I do still plan to write posts when significant fixes relating to memory consumption are made.  (For example, when generational GC lands, you’ll hear about it here.)  I will also continue to periodically update the MemShrink “big ticket items” list.  And MemShrink meetings will continue, so MemShrink-tagged bugs will still be triaged.  And for those of you who read the weekly Platform meeting notes, I will continue to write MemShrink updates there.  So don’t despair — good things will continue to happen, but they’ll just be marginally less visible.

Premature Optimisation

I loved this sentence from Olin Shivers’ description of some Scheme history:

I fashionably decried premature optimisation in college without really understanding it until I once committed an act of premature opt so horrific that I can now tell when it is going to rain by the twinges I get in the residual scar tissue.

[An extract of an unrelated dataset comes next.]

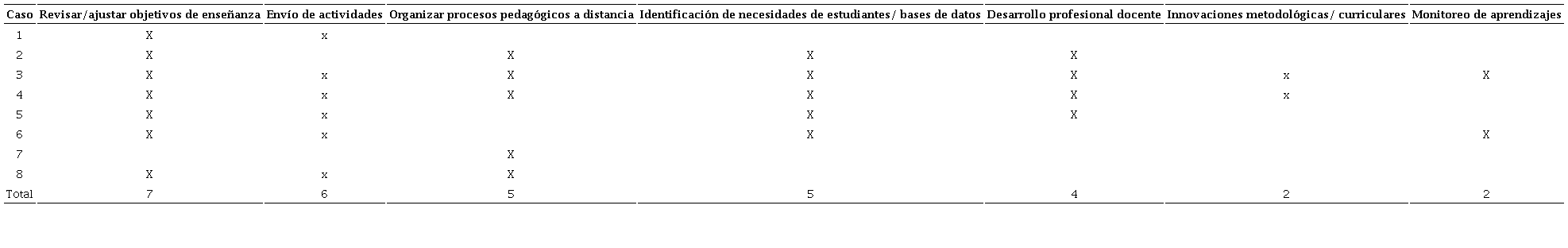 Del total de ocho establecimientos, un subconjunto de directoras(es) y sus equipos avanzó en el desarrollo de un plan más claramente pedagógico, en el que se buscó vincular el enfrentamiento de la pandemia con otras necesidades de mejora educativa. Este ejercicio incluyó la revisión y/o ajuste de los objetivos de aprendizaje que se trabajarían en el año, la dedicación de esfuerzos al desarrollo de una metodología para la enseñanza a distancia, acompañada de la generación y sistematización de información sobre el estudiantado y la gestión de procesos de desarrollo profesional. Dentro de esto último, en algunos casos se consideró formación relacionada con aspectos específicos de uso de tecnologías, mientras que otros incluyeron oportunidades para propiciar mejoras en habilidades más permanentes, como es la retroalimentación de aprendizajes evaluados. Dentro de este subgrupo, dos directores incluyeron también sistemas de evaluación de los aprendizajes efectivamente alcanzados en el contexto de pandemia. El resto de los casos de estudio solo alcanzó a hacer un seguimiento de la entrega y retorno de las actividades de aprendizaje enviadas por el profesorado a las y los estudiantes (Tabla 3).

Now I understand premature optimisation.

I’d love to know exactly what the premature optimisation was.

I also read Olin’s Dissertation Advice about fifty times in 2004.  Great stuff.

Libraries should permit custom allocators

Some C and C++ libraries permit the use of custom allocators, which are registered through some kind of external API.  For example, the following libraries used by Firefox provide this facility.

  • FreeType provides this via the FT_MemoryRec_ argument of the FT_New_Library() function.
  • ICU provides this via the u_setMemoryFunctions() function.
  • SQLite provides this via the sqlite3_config() function.

This gives the users of these libraries additional flexibility that can be very helpful.  For example, in Firefox we provide custom allocators that measure the size of all the live allocations done by the library;  these measurements are shown in about:memory.

In contrast, libraries that don’t allow custom allocator are very hard to account for in about:memory.  Such libraries are major contributors to the dreaded “heap-unclassified” value in about:memory.  These include Cairo and the WebRTC libraries.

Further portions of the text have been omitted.